Tumor location predilection for isocitrate dehydrogenase (IDH) mutant tumors was found in both glioblastoma and lower-grade glioma cohorts, each showing a concordant predominance in the frontal lobe adjacent to the rostral extension of the lateral ventricles (permutation-adjusted p=0.021 for the glioblastoma and 0.013 for the lower-grade glioma cohort). Apart from that, the VLSM analysis did not reveal a significant association of the tumor location with any other key molecular alteration in both cohorts (permutation-adjusted p>0.05, each).
A study highlights the unique properties of IDH-mutations and underpins the hypothesis that the rostral extension of the lateral ventricles is a potential location for the cell of origin in IDH-mutant gliomas 7).
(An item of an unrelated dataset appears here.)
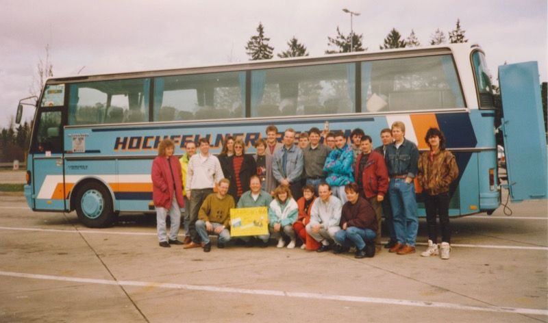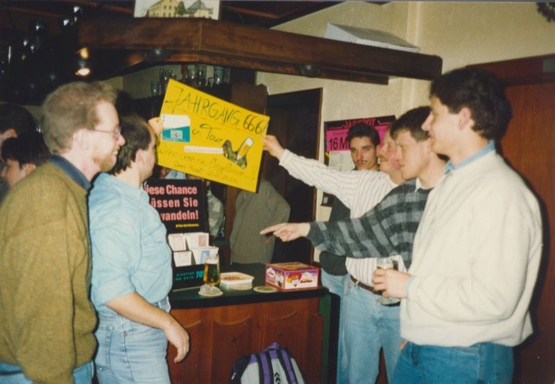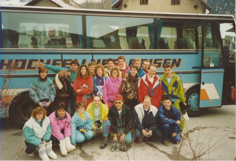 Nach den ersten Anmeldungen fand dann am 6. März “92 bei Paul's ein Treffen statt. Klärung der Zimmerfrage. Wer schläft bei wem (Für Barns : Wer schläft mit wem ?) Da das Verhältnis Männlein – Weiblein nicht 1:1 aufging (man wollte ja etwas förderliches für den Jahrgang tun - Hochzeit, Bäumchenstellen, etc.- Zitat: “ Wir fahren ja nicht aus Spaß weg.'), Zog man es dann doch vor jeweils 2 Personen gleichen Geschlechts in einem Zimmer unterzubringen.

Gliomas are the most frequent intrinsic tumours of the central nervous system and encompass two principle subgroups: diffuse gliomas and gliomas showing a more circumscribed growth pattern ('non-diffuse gliomas'). In the revised 4th edition of the World Health Organization Classification of Tumors of the Central Nervous System published in 2016, classification of especially diffuse gliomas has fundamentally changed: for the first time a large subset of these tumours is now defined based on presence/absence of IDH mutation and 1p19q codeletion. Following this approach, the diagnosis of anaplastic oligoastrocytoma can be expected to largely disappear 8).
A study published online in Neuro-Oncology in December 2013 demonstrated that IDH-mutant malignant astrocytomas are more amenable to complete surgical resection of enhancing tumour (93% complete resections in the IDH-mutant group versus 67% in the IDH wildtype group). In contrast with IDH wild-type grade III and IV astrocytomas, which didn’t show significant benefit from further resection of non-enhancing tumour, the IDH-mutant grade III and IV astrocytoma group showed a survival benefit with maximal resection of both enhancing and non-enhancing tumour.
IDH-mutant gliomas are classified into astrocytic or oligodendroglial tumors by 1p/19q status in WHO 2016 classification, with the latter presenting with characteristic morphology and better prognosis in general. However, the morphological and genetic features within each category are varied, and there may be distinguishable subtypes. We analyzed 170 WHO grade II to IV gliomas resected in our institution. 1p/19q status was analyzed by microsatellite analysis, and genetic mutations were analyzed by next-generation sequencing and Sanger sequencing. For validation, the Brain Lower Grade Glioma dataset of the TCGA was analyzed. Of the 42 grade III IDH-mutated gliomas, 12 were 1p-intact/19q-intact (anaplastic astrocytomas: AA), 7 were 1p-intact/19q-loss (AA), and 23 showed 1p/19q-codeletion (anaplastic oligodendrogliomas: AO). Of the 88 IDH-wild type Glioblastomas, 14 showed 1p-intact/19q-loss status. All of the seven 1p-intact/19q-loss AAs harbored TP53 mutation, but no TERT promotor mutation. All 19q-loss AAs had regions presenting oligodendroglioma-like morphology, and were associated with significantly longer overall survival (OS) compared to 19q-intact AAs (p=0.001). This tendency was observed in the TCGA Lower Grade Glioma dataset. In contrast, there was no difference in OS between the 19q-loss Glioblastoma and 19q-intact Glioblastoma (p=0.4). In a case of 19q-loss AA, both oligodendroglial morphology and 19q-loss disappeared after recurrence, possibly indicating correlation between 19q-loss and oligodendroglial morphology. We showed that there was a subgroup, although small, of IDH-mutated astrocytomas harboring 19q-loss that present oligodendroglial morphology, and also were associated with significantly better prognosis compared to other 19q-intact astrocytomas 9).